From timber to lute

Got lots of information from the Lemo elder, who actually prefers to call themselves the Banis, even though officially they’re part of the Bai ethnic group. For those Banis who still practice traditional religion, they believe everything in nature has spirits. Whether that belief comes from fear because of lack of science or conscious judgement is something debatable though.

As usual, at day-break, I rode up to the village. Ah-Che was already at his workshop when I came to his house. He had a few pieces of hardwood ready to be transformed to the instrument he plays, a four-string lute they call Qibon.

The cutting, the shaving, the chipping, everything was done by hand. Only someone who has been doing it all his life could perform with such precision, with so primative tools at hand. Little by little, the lute started to take shape. Could it be the same thought process when michelongilo shaped David, waiting for the image to emerge from the formless to the form? As time goes by, the formless became the right thickness, the right angle, the right feel. I believe that’s how life is added to a piece of hardwood.

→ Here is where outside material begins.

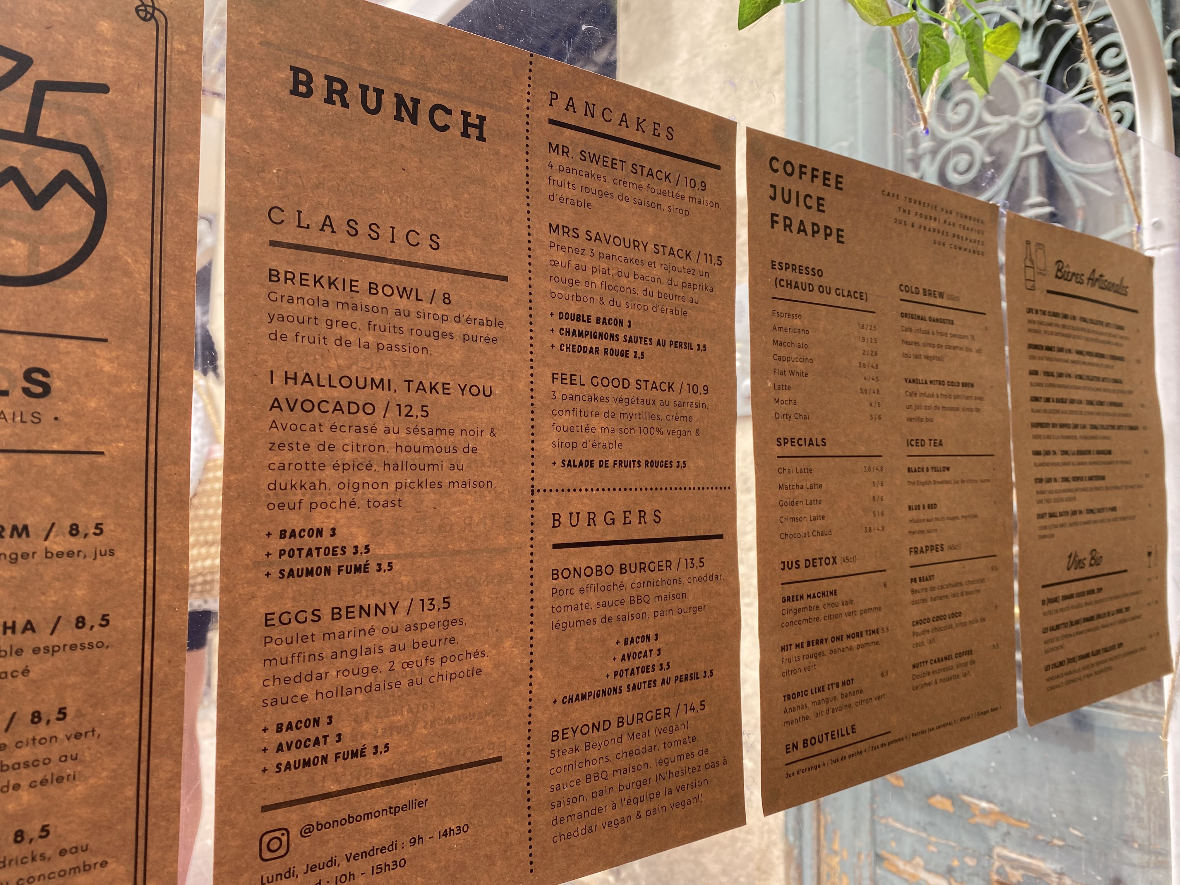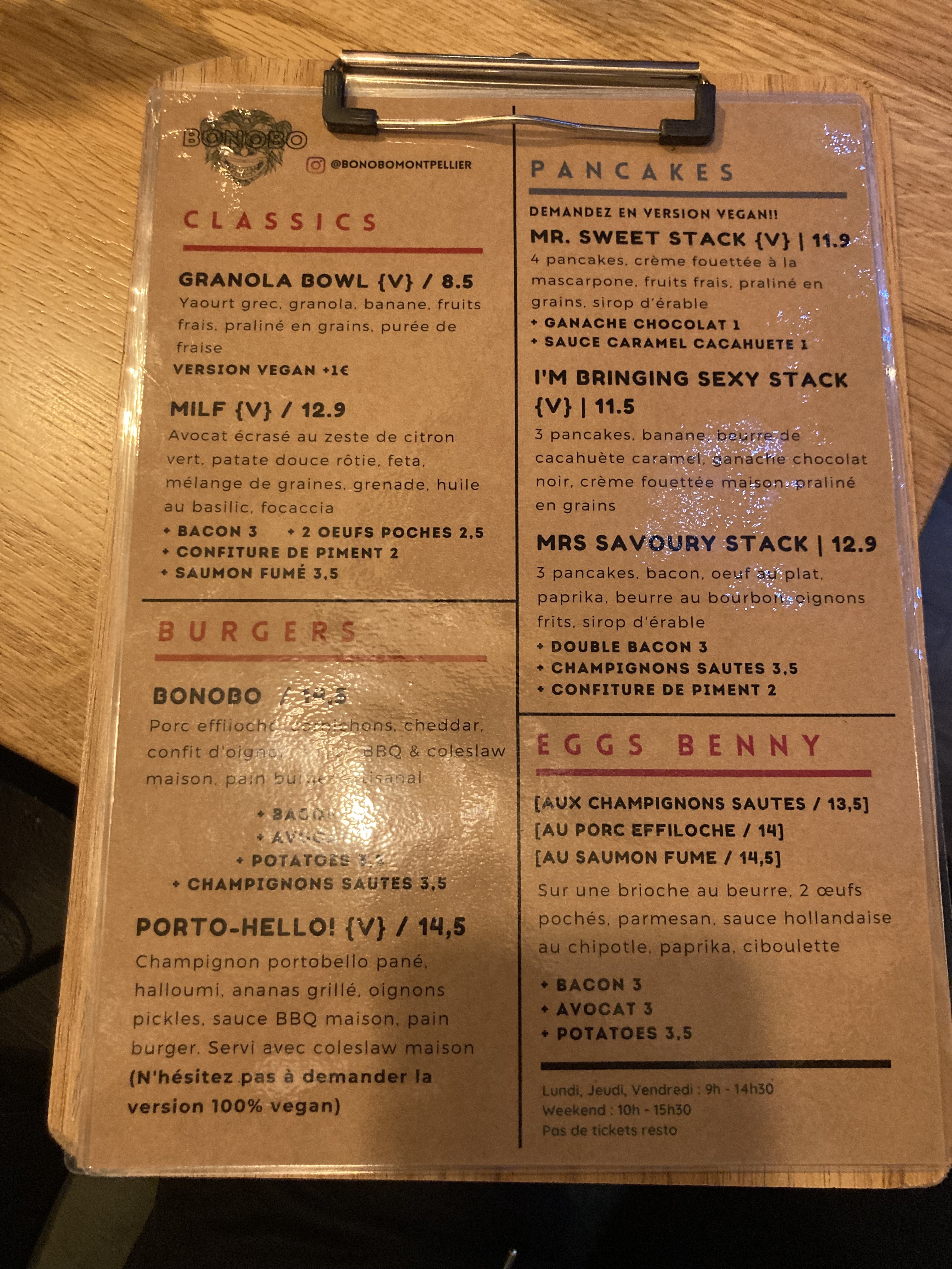 De passage à Montpellier, cette petite session brunch au Bonobo a été franchement à la hauteur ! Bon, il faut faire une sacrée queue comme dans tous les brunch branchés des grandes villes, et les prix sont bien sincères mais en vrai, c'est super bon, ultra généreux, si bien qu'on ressort enceint de 9 mois de triplés pancakes. Côté salé, ce n'était pas le meilleur que j'ai testé, mais leur pancakes sucrés ont tout dégommé. De nouveau à Montpellier, j'y repasserai si j'ai l'occasion.

David called in the middle of the lute-making. I went with Ah-Che to meet a group of disinterested government officials came down for a business trip, which accounted for nothing more than eat, drink, and smoke. As they devour, Ah-Che played. I didn’t like that picture.

We were both tired when we got back so we decided to finish up the rest of the lute on Saturday. Tomorrow will be another corn-planting day.

The sisters came again to help harvesting fava-beans. Down the field, the wife, three little kids and the sisters were busy picking. I like the shots of the wife moving through high beanstalks.

For dinner, Ah-Che caught a roaster. The same pile of woodshavings fueled a pot of delicous chicken soup for all of us. Nothing goes wasted here. If that piece of hardwood has spirit, that spirit has already been transformed to various forms, through us, and in us.